The generic term hyaluronidases describes - incorrectly in an enzymologically systematic sense - three different hyaluronic acid-cleaving enzyme types (J. Ludowieg: The mechanism of hyaluronidases, JBC 236, 333-339, (1961)). On the one hand, there are the endohydrolases that hydrolytically cleave the β- (1-3) bonds with the addition of water. They include the majority of hyaluronidases from higher organisms, for example those used medically Bovine testicular hyaluronidase. These enzymes, also called hyaluronate glycan hydrolases (EC 3.2.1.35/36), hydrolyze to a limited extent other glycosaminoglycan bonds in addition to hyaluronic acid. Another type is the endo-ß-hyaluronidase from the leech, which cleaves the ß- (l-4) -binding highly specifically. All of the enzymes mentioned are hydrolytic hyaluronidases or hyaluronidases in the narrower sense.

The third type of enzyme, the hyaluronate lyases (EC 4.2.2.1), cleaves the hyaluronic acid in the ß (1-4) bonds according to an elimination mechanism with the formation of a double bond in the (4-5) position on the glucuronic acid.
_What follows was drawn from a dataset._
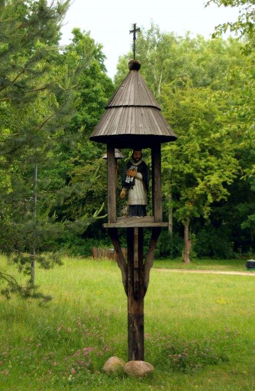 Słupowa kapliczka z figurką św. Jana Nepomucena ze wsi Popielów z przełomu XVIII/XIX wieku. Stożkowy dach kryty gontem z krzyżem na szczycie.

Hyaluronate lyases are therefore not hyaluronidases. Hyaluronate lyases occur in microorganisms. For example, they are found in Streptomycetes and other bacteria. Their common characteristic is their narrow specificity towards hyaluronic acid. Other glycosaminoglycans are usually split to a negligible extent (J.-H. Ozegowski et. Al: Purification and characterization of Hyaluronidase from Streptocoecus agalactiae, Zbl. Bakt. 280, 497-506 (1994), A. Linker et al: The production of unsaturated uronides by bacterial hyaluronidases, JBC 219 13-25, (1956), T. Ohya, Y. Kaneko: Novel hyaluronidase from Streptomyces, BBA 198 (1970), 607-609 and K. Gase, J.-H Ozegowski, and H. Malke: The Streptocoecus agalactiae hylB gene encoding hyaluronat lyase completion of the sequence and expression analysis, BBA, 1998, 86-98).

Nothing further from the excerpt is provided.